Кроме того, прослеживалась отчетливая тенденция возрастающего интереса к проблемам просвещенного абсолютизма в самых различных ипостасях. Одним из наиболее заметных его проявлений стал историко-правовой подход, продемонстрированный в работах О. А. Омельченко19. В монографии автора осуществлен детальный и самый полный на сегодняшний день анализ основных законодательных актов периода екатерининского правления с целью показать очевидное стремление верховной власти к укреплению основ «правового абсолютистского государства». Причем автор, в отличие от абсолютного большинства ученых-правоведов, не ограничился привлечением опубликованных законодательных источников. Дополнительно к ним он находил малоизвестные и совсем новые документальные материалы из архивных собраний. Правда, без должного источниковедческого описания и атрибутации. Поэтому немало высказанных им суждений, например относительно авторства того или иного документа, звучат категорично и не всегда убедительно.
Существенному углублению представлений о торговой деятельности западноевропейских купцов в России на протяжении XVIII в. способствует капитальная монография В. Н. Захарова20. Основанная на разнообразном документальном материала, она позволяет увидеть меркантилизм в действии во всех его конкретных проявлениях, ощутить биение «пульса негоции» через данные о величине торговых оборотов, номенклатуре товаров и объеме внешнеторговых пошлин.
Самого пристального внимания заслуживает диссертация К. Д. Мондэя, посвященная экономическим воззрениям Е. Ф. Канкрина как яркого представителя бюрократической элиты николаевской поры21. Ее можно было бы назвать свидетельством некоторых перемен в отношении предмета исследований применительно не только к экономической, но также и к исторической науке, если бы работы подобной направленности не относились к редким, спорадическим явлениям и к тому же обращались к предшествующему, более раннему периоду.
К сожалению, этого не наблюдается, если судить по последнему ценнейшему библиографическому справочнику изданий, посвященному Екатерине II22.

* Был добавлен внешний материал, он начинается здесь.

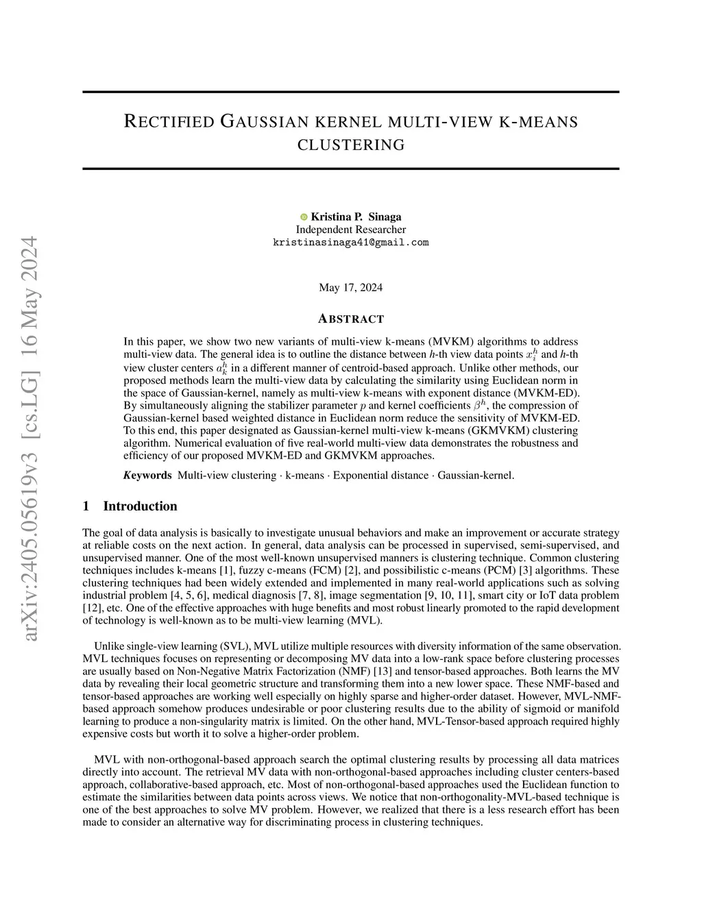 Rectified Gaussian kernel multi-view k-means clustering
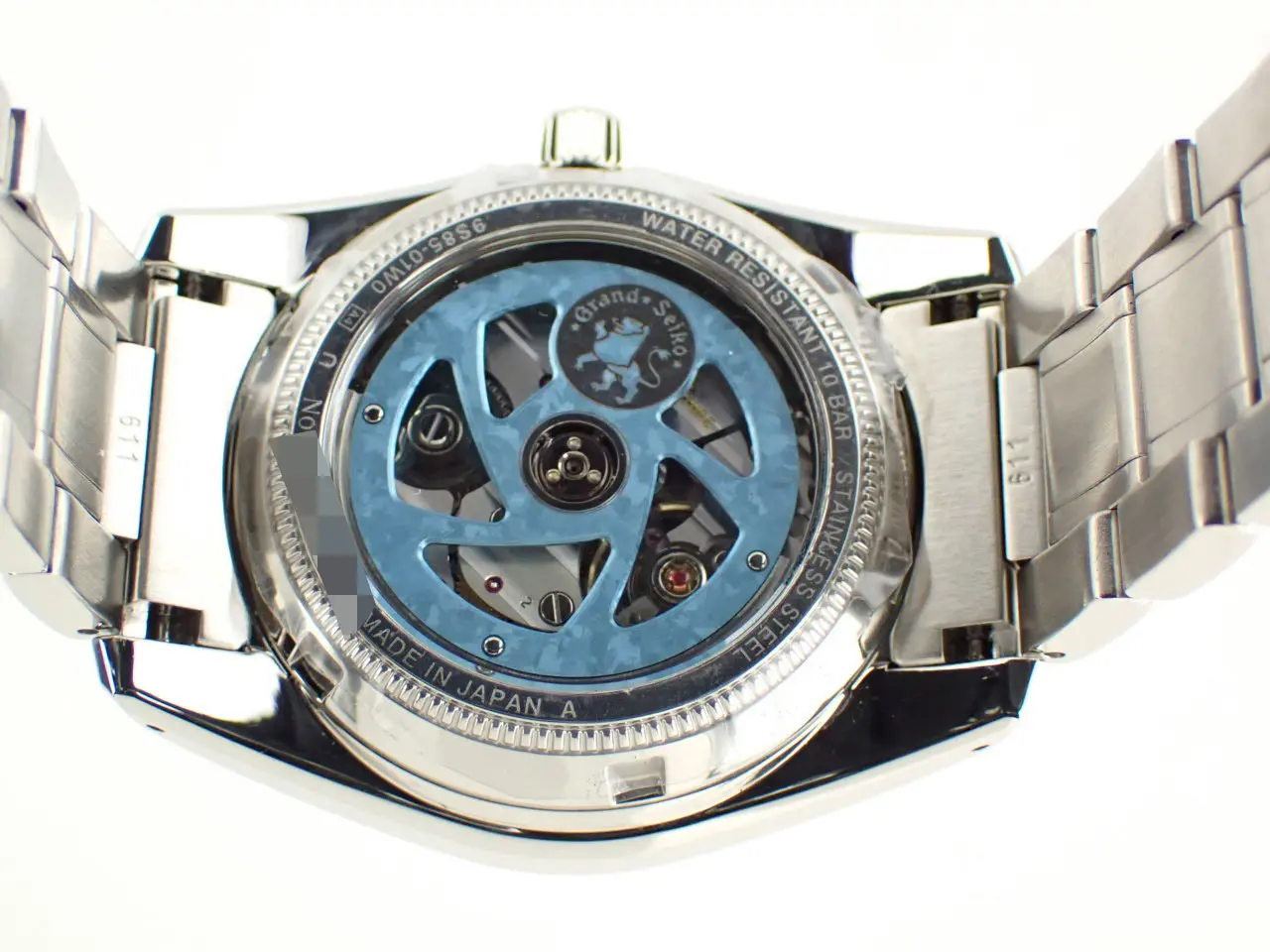 搭載ムーブメントは「9S85」。半導体製造に用いられる技術「MEMS(メムス)」により、ミクロ単位で部品を再設計。がんぎ車に中間車を挟んで、ハイビートのデメリットであるパーツの消耗を抑え、テンワの支柱を四本にすることで熱膨張による時刻のズレを防ぐ工夫がされています。また美しい回転錘は当モデルだけの特別仕様です。
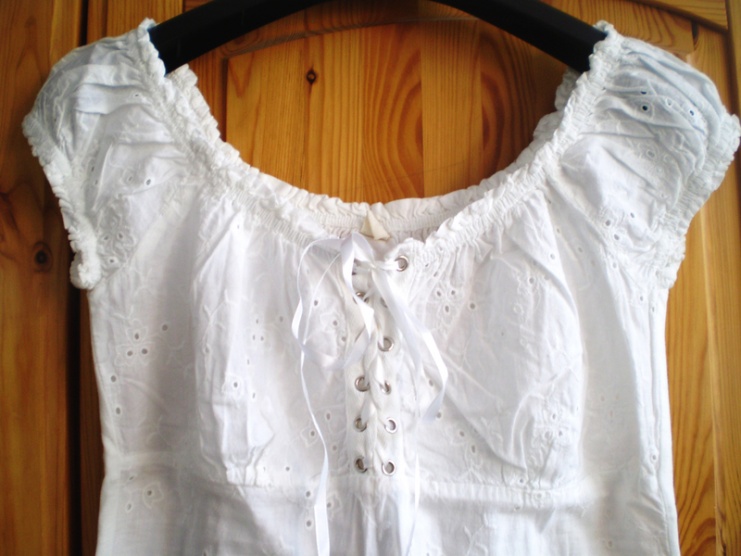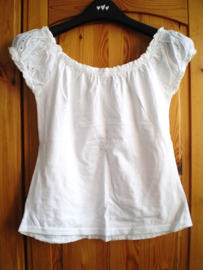 Bílé tričko s ozdobným vázáním, ze 100% bavlny, Velikost M. Tričko má přes prsa je 38cm a délka je 42cm...
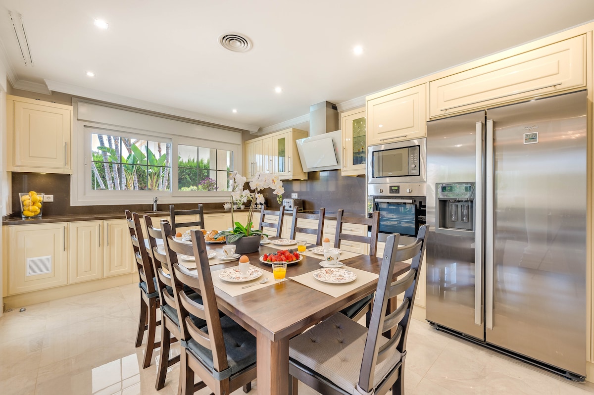 Welcome to our stunning vacation home in the enchanting Spanish village of Cabopino, Marbella. Enjoy a luxurious stay with 4 bedrooms, a stylish living room, new kitchen, and 3 bathrooms. Unwind in the front garden, backyard, or spacious rooftop terrace. There's even an office with four deluxe workstations in the basement. Within walking distance of the golf course, harbor, and beach of Cabopino. Book now and turn your dream vacation into a reality!
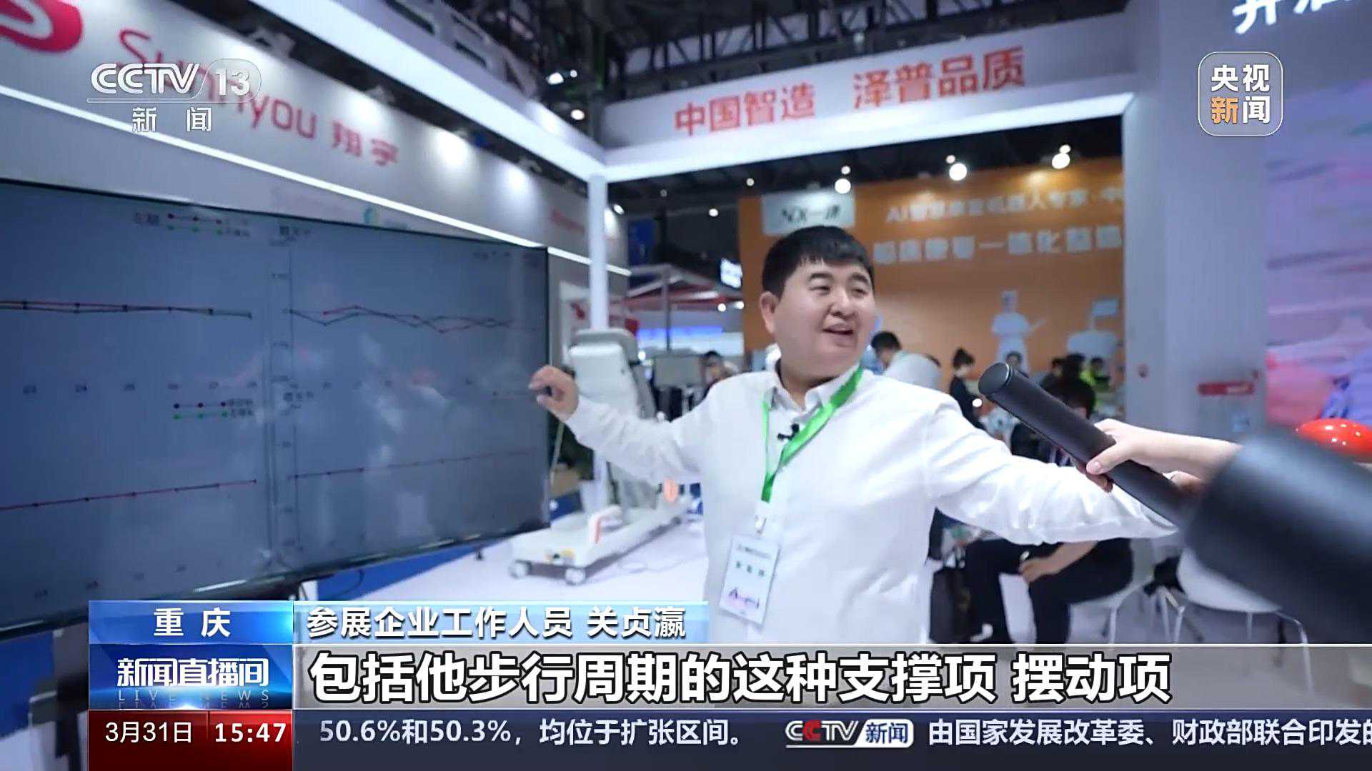 参展企业工作人员关贞瀛:这个就是我们的下肢机器人,它主要是为我们一些偏瘫的病人恢复一个步行训练的。来,用力往前踢,看到了吗?你看右腿用力了,你看你的一个支撑项就上来了,就说明你刚才在发力。在临床上治疗师也可以通过这个来判断患者的发力方式是否正确,包括步行周期的这种支撑项、摆动项,是髋关节出了问题,还是膝关节出了问题,我们都可以清晰地看到。
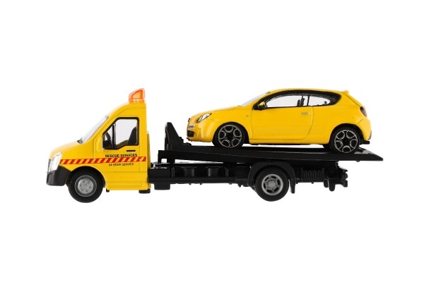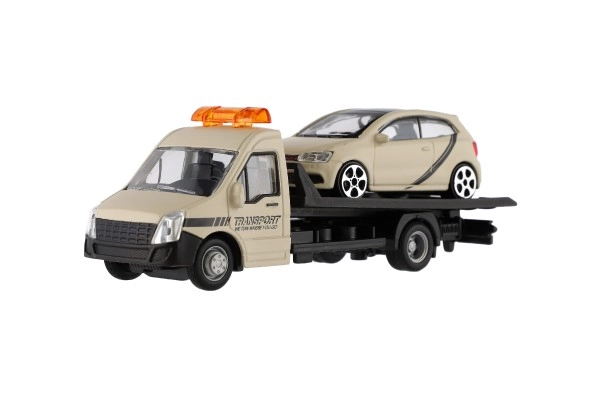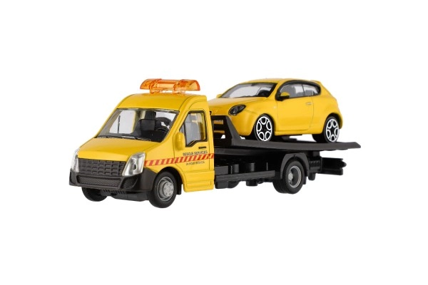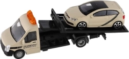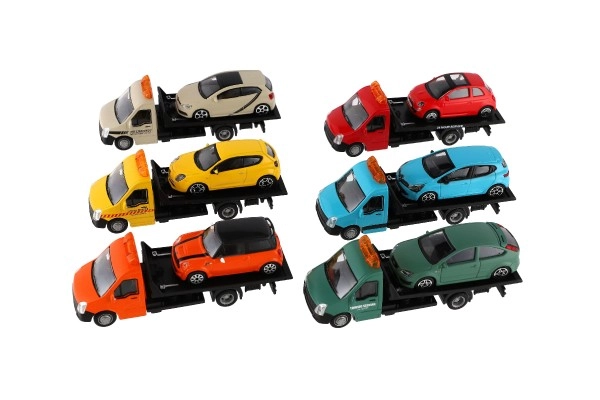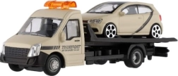 El modelo mide 21 cm e incluye una plataforma de remolque para cargar el coche incluido, ideal para escenas de tráfico urbano, rescates y transporte de vehículos. Gracias a su alta calidad, es una gran opción para coleccionistas y para niños a partir de 3 años.
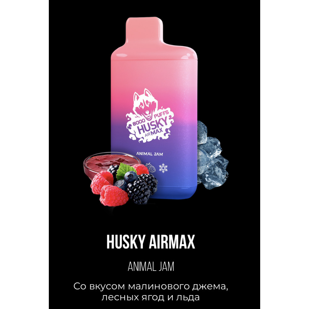 • Электронная сигарета Хаски Аир Макс Малиновый Джем Лесные Ягоды со Льдом (Husky Airmax Animal Jam)
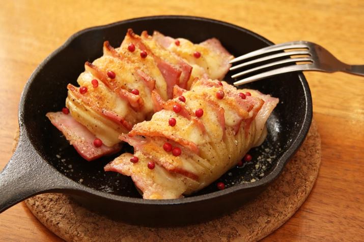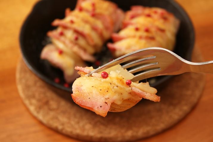 じゃがいもは電子レンジでやわらかくしましたが、グリルで焼き上げることで表面が香ばしくなりました。ベーコンとチーズのほどよい脂加減とも相性がよく、スキレットで温かいうちにすべて食べきってしまったほどのおいしさです

Общее не самое благоприятное впечатление несколько скрашивает выход в свет первой фундаментальной публикации избранных документов братьев Шуваловых, Петра Ивановича и Ивана Ивановича, оставивших после себя весьма заметный след и неоднозначные оценки современников23. Очевидно их весьма заметное влияние на экономическое развитие страны прежде всего благодаря энергичной деятельности первого из братьев. Оно еще нуждается во всеобъемлющих оценках и требует специального монографического исследования, хотя имеются все необходимые предпосылки в виде двух близких по тематике кандидатских диссертаций24. Возможно, указанная документальная публикация явится прологом к углубленному изучению воззрений представителей правительственной бюрократии второй половины XVIII в.
Пока же приходится констатировать явный недостаток внимания отечественной историографии к экономическим проблемам, стоявшим перед Российской империей в этот период. Он отчетливо просматривается и в недавно вышедших коллективных трудах.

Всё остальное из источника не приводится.